## WORK ORDER
From the line with "Womens Casual Long-sleeve V-neck Blouse" to the line with "আজ ৩ মে শুক্রবার", output every line below exactly, both ends included. Skip the pictures.

Top of DATASET ENTRIES

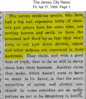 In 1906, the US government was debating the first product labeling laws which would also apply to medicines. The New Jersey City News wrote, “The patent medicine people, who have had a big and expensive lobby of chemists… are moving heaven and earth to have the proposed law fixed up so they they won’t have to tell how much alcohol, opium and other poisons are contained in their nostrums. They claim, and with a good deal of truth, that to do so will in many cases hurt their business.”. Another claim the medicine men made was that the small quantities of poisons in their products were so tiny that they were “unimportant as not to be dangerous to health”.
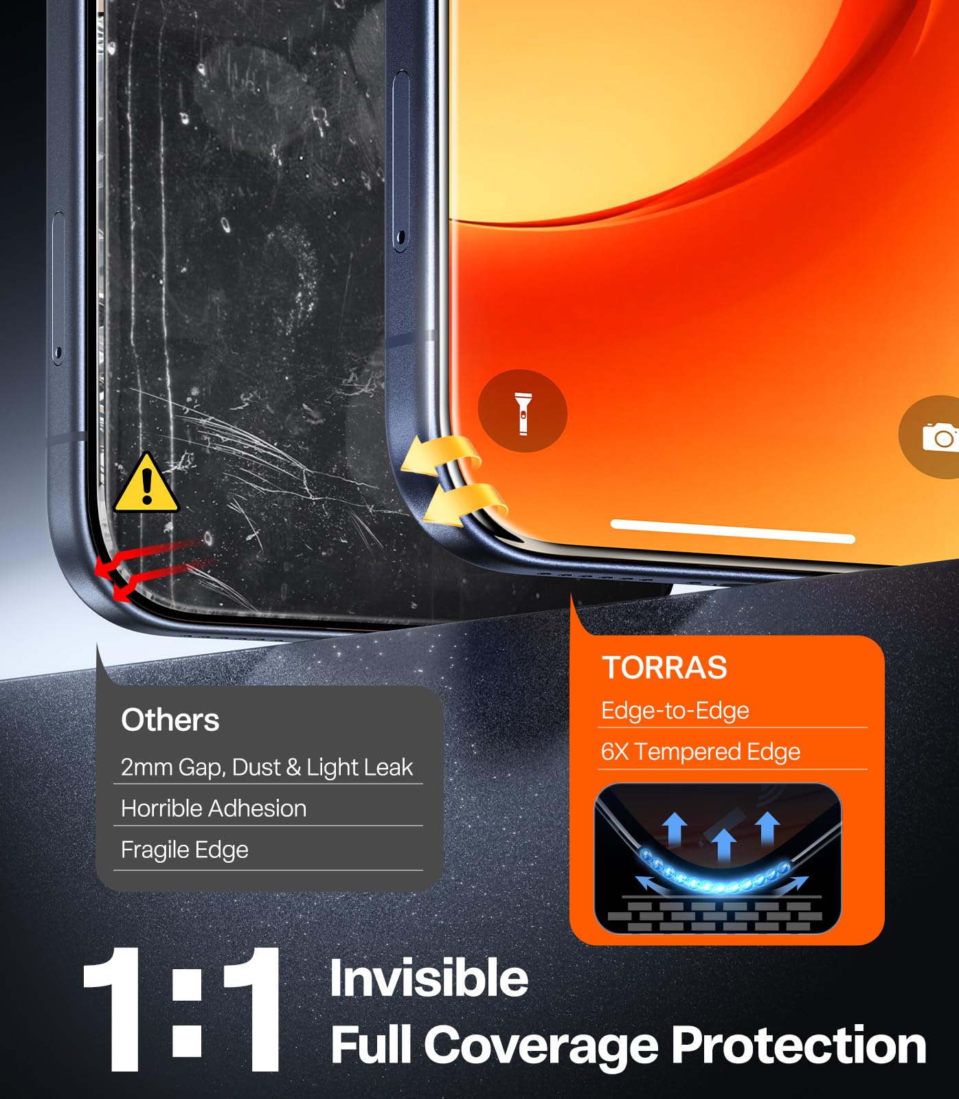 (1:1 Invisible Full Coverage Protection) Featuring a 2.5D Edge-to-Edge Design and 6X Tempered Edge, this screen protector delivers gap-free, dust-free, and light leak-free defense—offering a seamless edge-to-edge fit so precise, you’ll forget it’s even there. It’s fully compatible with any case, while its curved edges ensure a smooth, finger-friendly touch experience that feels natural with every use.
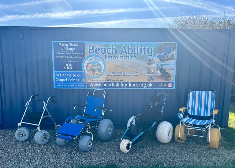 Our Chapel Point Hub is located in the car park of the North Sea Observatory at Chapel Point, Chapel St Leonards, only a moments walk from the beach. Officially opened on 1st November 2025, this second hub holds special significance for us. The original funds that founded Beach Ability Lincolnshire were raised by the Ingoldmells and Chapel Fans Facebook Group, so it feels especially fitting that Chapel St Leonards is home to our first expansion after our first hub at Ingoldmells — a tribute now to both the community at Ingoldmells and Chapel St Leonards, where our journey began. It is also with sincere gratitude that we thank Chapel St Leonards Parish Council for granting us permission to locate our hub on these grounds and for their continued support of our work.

Bottom of DATASET ENTRIES
Top of DATASET ENTRIES

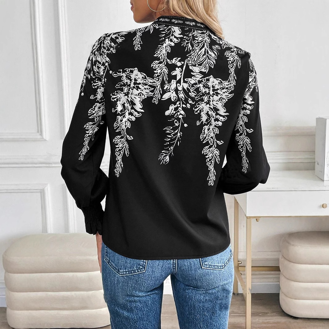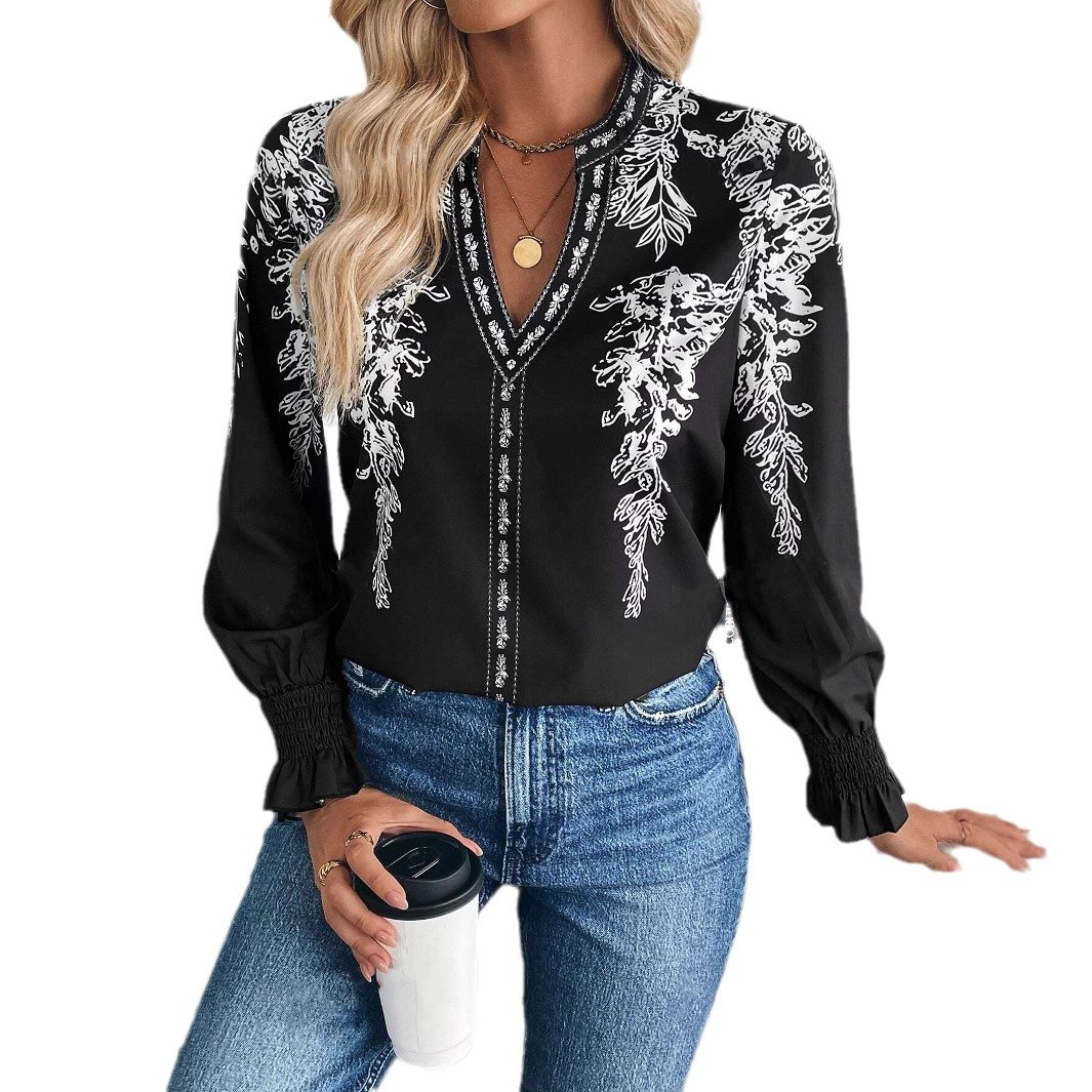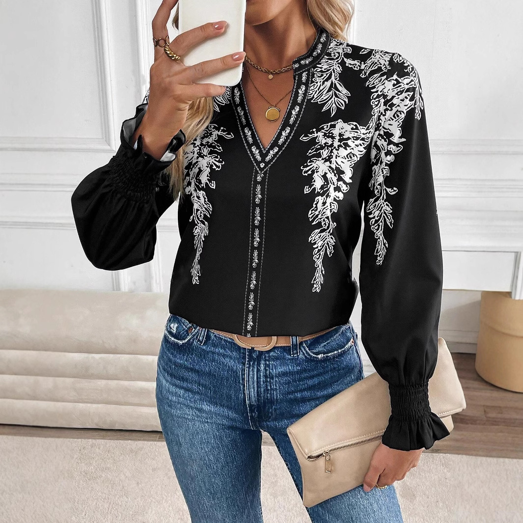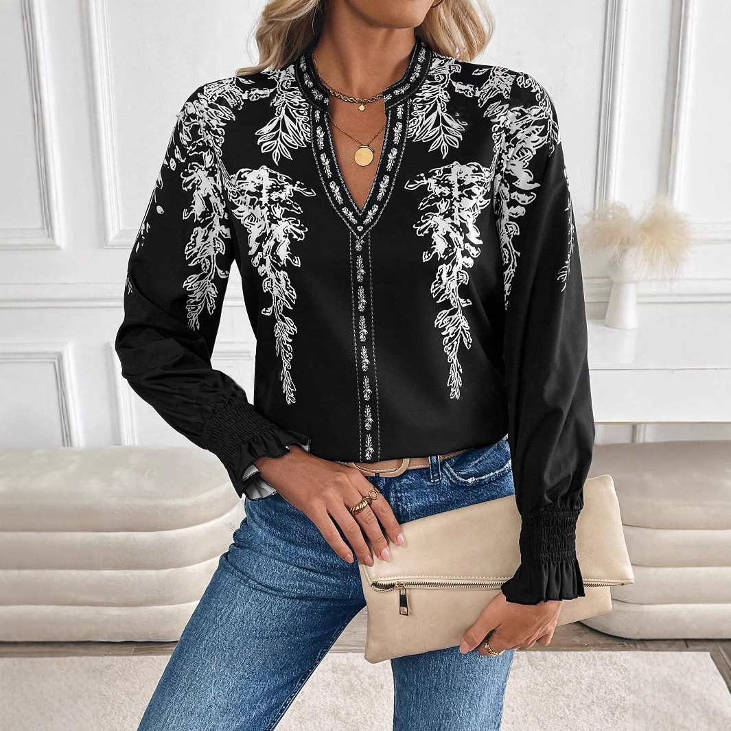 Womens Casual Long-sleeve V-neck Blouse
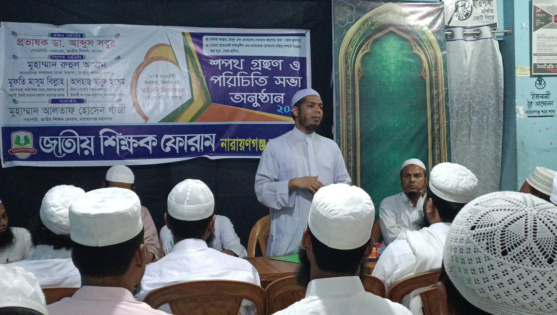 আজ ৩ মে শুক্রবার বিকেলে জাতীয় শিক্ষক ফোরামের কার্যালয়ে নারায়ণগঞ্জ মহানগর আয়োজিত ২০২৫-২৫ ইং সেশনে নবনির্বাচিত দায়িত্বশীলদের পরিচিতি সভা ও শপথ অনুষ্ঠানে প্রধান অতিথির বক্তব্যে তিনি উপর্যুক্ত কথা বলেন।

Bottom of DATASET ENTRIES

## ANSWER TO THIS PROBLEM
 Womens Casual Long-sleeve V-neck Blouse
 আজ ৩ মে শুক্রবার বিকেলে জাতীয় শিক্ষক ফোরামের কার্যালয়ে নারায়ণগঞ্জ মহানগর আয়োজিত ২০২৫-২৫ ইং সেশনে নবনির্বাচিত দায়িত্বশীলদের পরিচিতি সভা ও শপথ অনুষ্ঠানে প্রধান অতিথির বক্তব্যে তিনি উপর্যুক্ত কথা বলেন।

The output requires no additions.